Wilson is great at using his legs to extend plays outside the pocket while keeping his eyes downfield and putting the ball on the money. He's shown great adeptness at running bootlegs, and does well to flip his hips when rolling left to deliver an accurate ball.
He also is good at moving at extending plays while inside the pocket and deliver strikes on the run.
Wilson is the ideal quarterback for the way the NFL is headed. Shanahan always has been partial to pocket passers, but the way BYU's offense was structured should give the 49ers reason to believe he would be a seamless fit.
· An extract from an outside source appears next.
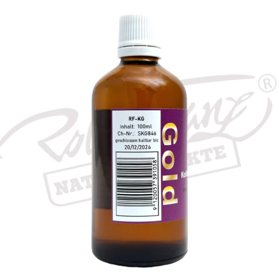 | Inhaltsstoffe: | Quellwasser, entminieralisiert und energetisch aufbereitet, Feingold reinst. |

The 49ers' run game is predicated on the outside zone run and using play-action boots off that. A majority of college offenses have the quarterback primarily in shotgun, if not exclusively. But, per PFF's Seth Galina, BYU ran outside zone on 52 percent of its plays this season, and Wilson took 18 percent of his snaps under center. That means Wilson, unlike some quarterbacks entering the NFL, would feel comfortable running outside zone play-action and bootlegs. This season, Wilson used play-action on 38 percent of his dropbacks and recorded a passing grade of 92.9.
Wilson isn't a finished product, but there is reason to believe he could enter into the NFL and perform well immediately, given his familiarity with the offensive structure that a number of NFL teams use.
To top it off, Wilson's rocket of an arm is exactly what NFL general managers want. Per PFF, Wilson threw 38 passes from the left hash to within 10 yards of the right sideline with a grade of 96.4. Flip that -- throwing right to left -- and he had a grade of 90.5 on 29 throws.
Plain and simple, Wilson was a stud in 2020. He'd almost certainly be the No. 1 pick in a draft that didn't have a transcendent talent like Lawrence, and I expect he'll pass Fields as the No. 2 QB by the time the draft rolls around.
Garoppolo almost certainly will be back as the 49ers' starter in 2021. They've won a lot when he's been healthy and can use what is likely to be a top-12 pick to bolster the secondary or get another edge rusher. That's the smart thing to do when you have a roster that's built to win now.
But we know the 49ers have sent scouts to watch Wilson. They had to have liked what they saw. He's out of their draft range now, though, and it would take a kingly sum to move up into the top five, perhaps to No. 2, to grab him.
It's not a decision I expect the 49ers to make. They want to stockpile and replenish draft capital. But can you put a price on drafting a franchise QB?
Yes, you can. And Wilson just might be worth it for the 49ers.